Background and release 
Tony Bennett and Lady Gaga first met in 2011 at the Robin Hood Foundation gala in New York City after Gaga's performance at the event. The meeting culminated in their first duet, "The Lady Is a Tramp", then their first collaborative album, Cheek to Cheek (2014), and multiple live performances together, including a concert tour.

In a statement, Darren Pfeffer, executive vice president of Madison Square Garden Entertainment, announced the duo's August 3 and 5, 2021, One Last Time double performance at Radio City Music Hall as an opportunity "to honor their decade long friendship and celebrate Mr. Bennett's 95th birthday." They were promoted as Bennett's final live performances in New York City, and later they were announced to be his final public performances of his career overall, as he retired from performing live on "doctors' orders". Bennett was diagnosed with Alzheimer's disease in 2016. Although he could remember all the songs, his family members were unsure what effect his condition would have on the shows. The preparation for the concerts were more challenging than the duo's previous ones, and Gaga had to keep communication with Bennett simple to make herself understood. After the first concert, Susan Benedetto, the singer's wife said that "once he saw the audience (...) and he raises his hands, (...) I knew we were alright because he became himself. He just turned on. You know, it was like a light switch."

In September 2021, it was announced that as part of the rollout for Bennett and Gaga's second and final collaborative album, Love for Sale, the duo partnered with ViacomCBS for three different specials. The first one was One Last Time, the filmed rendering of the two concerts the pair did at Radio City Music Hall. Before the special debuted, the preparations and behind-the-scenes of the shows were documented in CBS' news magazine 60 Minutes, while the full performance of "Anything Goes" aired on The Late Show with Stephen Colbert as a preview on November 23, 2021. One Last Time simultaneously premiered on CBS and became available on streaming service Paramount+ on November 28, 2021.

Synopsis 
The special starts as Gaga appears on stage in a half crystal-embellished, half feathered dress with a dramatic slit.

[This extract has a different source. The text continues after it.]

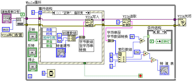 VISA读取函数VISA Read从串口读取下位机发送的字符串,每次读取字节数我设置为3,它的输出通过“字符串至字节数组转换”函数和“索引数组”函数,把字符串转换为3个无符号字节数据,这3个字节数据分别包含了一个字节的电机正反转标识和两个字节的电机转速信息。
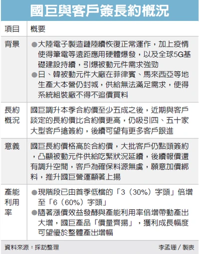 國巨董事長陳泰銘認為,5G時代,各式新型應用裝置的應用,將帶來前所未見的龐大被動元件需求。國巨(14)日表示,部分大型客戶已簽訂長約適用,預期將有更多的大型客戶陸續(xù)簽訂長約,以確保供貨無憂;至于長約價格則依不同客戶而有差異,無法透露。

She performs "Luck Be a Lady" and enlists the audience in celebrating Bennett's 95th birthday. She then performs "Orange Colored Sky", a song Bennett heard her sing on the day they first met. After switching to a shiny, black "French maid-inspired cocktail" dress, she continues by performing "Let's Do It" from the duo's Cole Porter-tribute album Love for Sale, and recounts how Porter was a longtime inspiration for her. The song starts as a soft, piano rendition, before switching to a "rousing version". Before Gaga's final solo song, she encourages the audience to make Bennett smile and laugh, then dons a top hat and performs "New York, New York".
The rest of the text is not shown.